I'm trying to approximate noisy data from the sin(2x) function using a multilayer perceptron:

# Get data
datasets = gen_datasets()
# Add noise
datasets["ysin_train"] = add_noise(datasets["ysin_train"])
datasets["ysin_test"] = add_noise(datasets["ysin_test"])
# Extract wanted data
patterns_train = datasets["x_train"]
targets_train = datasets["ysin_train"]
patterns_test = datasets["x_test"]
targets_test = datasets["ysin_test"]
# Reshape to fit model
patterns_train = patterns_train.reshape(62, 1)
targets_train = targets_train.reshape(62, 1)
patterns_test = patterns_test.reshape(62, 1)
targets_test = targets_test.reshape(62, 1)

# Parameters
learning_rate = 0.001
training_epochs = 10000
batch_size = patterns_train.shape[0]
display_step = 1

# Network Parameters
n_hidden_1 = 2
n_hidden_2 = 2
n_input = 1
n_classes = 1

# tf Graph input
X = tf.placeholder("float", [None, n_input])
Y = tf.placeholder("float", [None, n_classes])

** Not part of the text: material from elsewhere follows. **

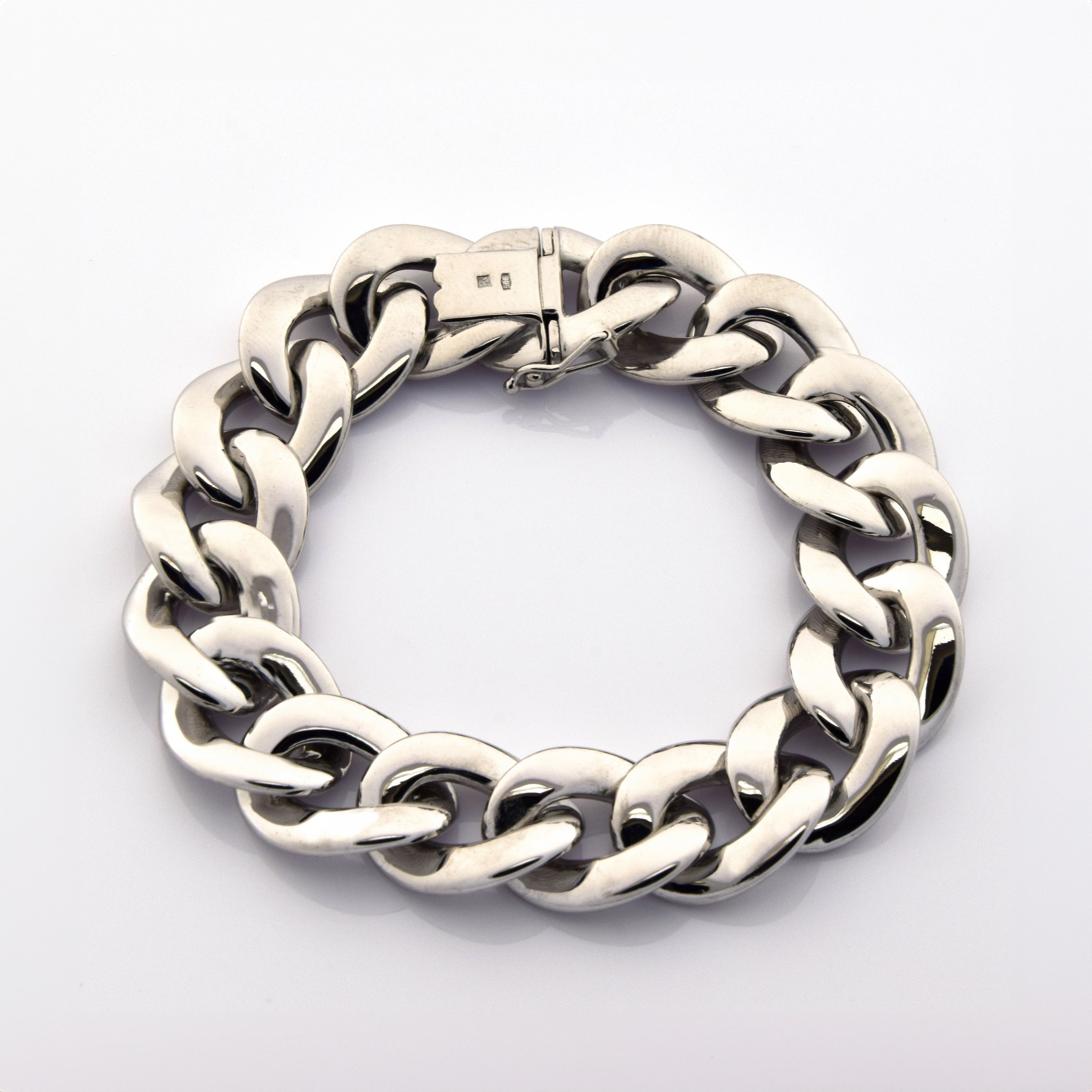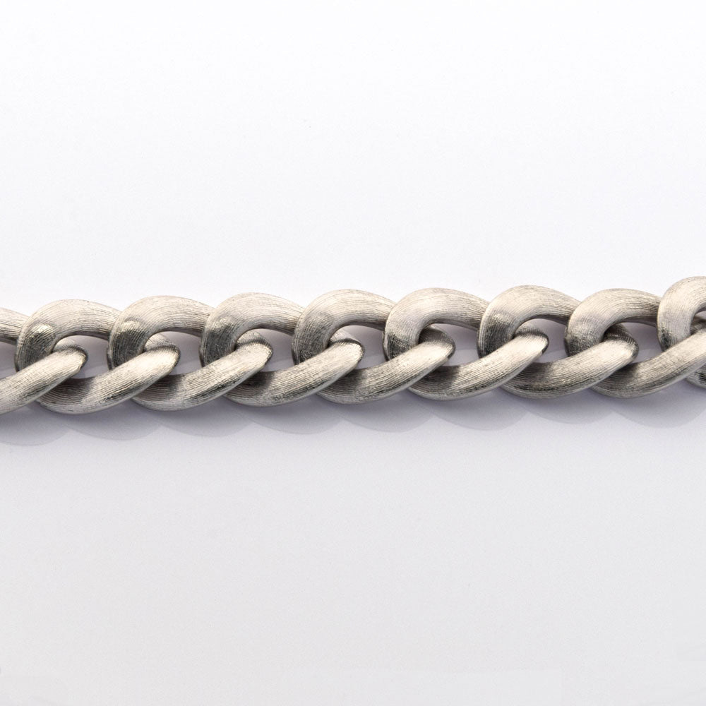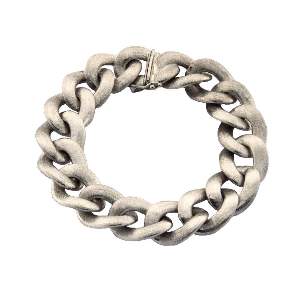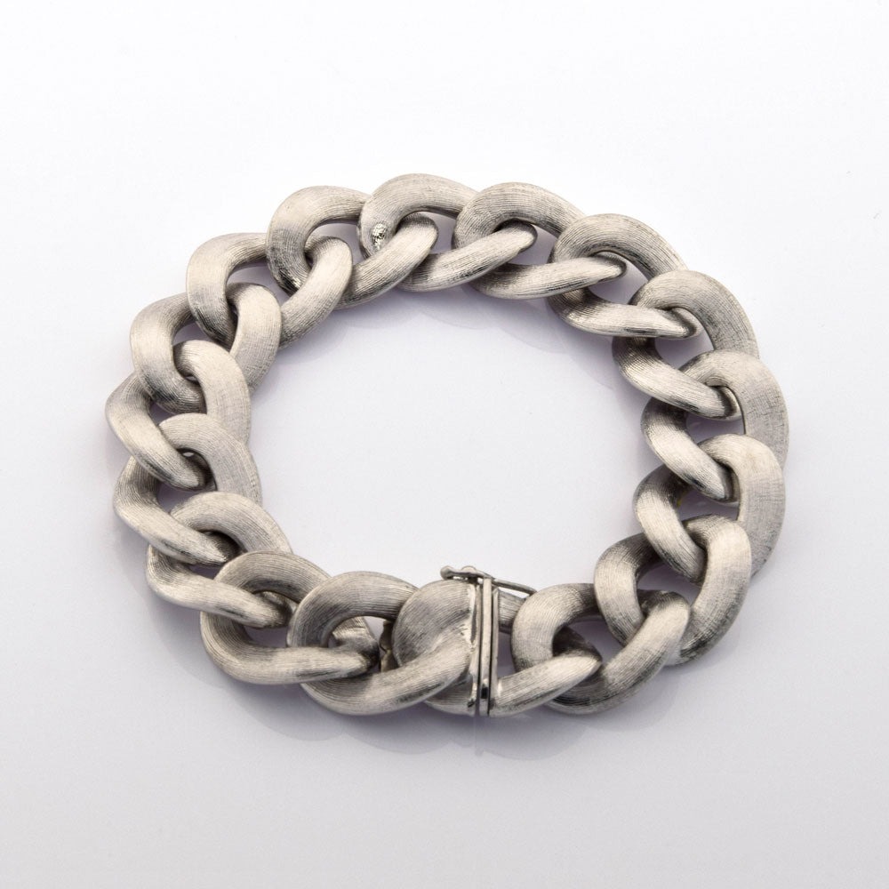 Bei dem Schmuckstück handelt es sich um ein sattiniertes Armband aus 585 Weißgold. Das Schmuckstück hat eine Gesamtlänge von 19 cm.
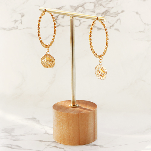 Présentoir bijoux en forme de T avec pied en bois pour boucles d'oreilles (3 pcs) Naturel (couleur naturelle du bois)-doré

# Store layers weight & bias
weights = {
    'h1': tf.Variable(tf.random_normal([n_input, n_hidden_1])),
    'h2': tf.Variable(tf.random_normal([n_hidden_1, n_hidden_2])),
    'out': tf.Variable(tf.random_normal([n_hidden_2, n_classes]))
}
biases = {
    'b1': tf.Variable(tf.random_normal([n_hidden_1])),
    'b2': tf.Variable(tf.random_normal([n_hidden_2])),
    'out': tf.Variable(tf.random_normal([n_classes]))
}

# Create model
def multilayer_perceptron(x):
    # Hidden fully connected layer with 2 neurons
    layer_1 = tf.sigmoid(tf.add(tf.matmul(x, weights['h1']), biases['b1']))
    # Hidden fully connected layer with 2 neurons
    layer_2 = tf.sigmoid(tf.add(tf.matmul(layer_1, weights['h2']), biases['b2']))
    # Output fully connected layer
    out_layer = tf.matmul(layer_2, weights['out']) + biases['out']
    return out_layer

# Construct model
logits = multilayer_perceptron(X)

# Define loss and optimizer
loss_op = tf.reduce_mean(tf.losses.absolute_difference(labels = Y, predictions = logits, reduction=tf.losses.Reduction.NONE))
optimizer = tf.train.GradientDescentOptimizer(learning_rate=learning_rate)
train_op = optimizer.minimize(loss_op)

# Initializing the variables
init = tf.global_variables_initializer()

with tf.Session() as sess:
    sess.run(init)

    # Training Cycle
    for epoch in range(training_epochs):

        _ = sess.run(train_op, feed_dict={X: patterns_train,
                                          Y: targets_train})
        c = sess.run(loss_op, feed_dict={X: patterns_test,
                                         Y: targets_test})
        if epoch % display_step == 0:
            print("Epoch: {0: 4} cost={1:9}".format(epoch+1, c))
    print("Optimization finished!")
    outputs = sess.run(logits, feed_dict={X: patterns_test})
    print("outputs: {0}".format(outputs.T))
    plt.plot(patterns_test, outputs, "r.", label="outputs")
    plt.plot(patterns_test, targets_test, "b.", label="targets")
    plt.legend()
    plt.show()

When I plot this at the end, I get a straight line, as if I have a linear network. Take a look at the plot:

This is a correct minimization of the error for a linear network. But I shouldn't have a linear betwork because I'm using the sigmoid function in my multilayer_perceptron() function! Why is my network behaving like this?

The default value of stddev=1.0 in tf.random_normal, which you use for weight & bias initialization, is huge. Try an explicit value of stddev=0.01 for the weights; as for the biases, common practice is to initialize them to zero.

As an initial approach, I would also try a higher learning_rate of 0.01 (or maybe not - see answer in a related question here)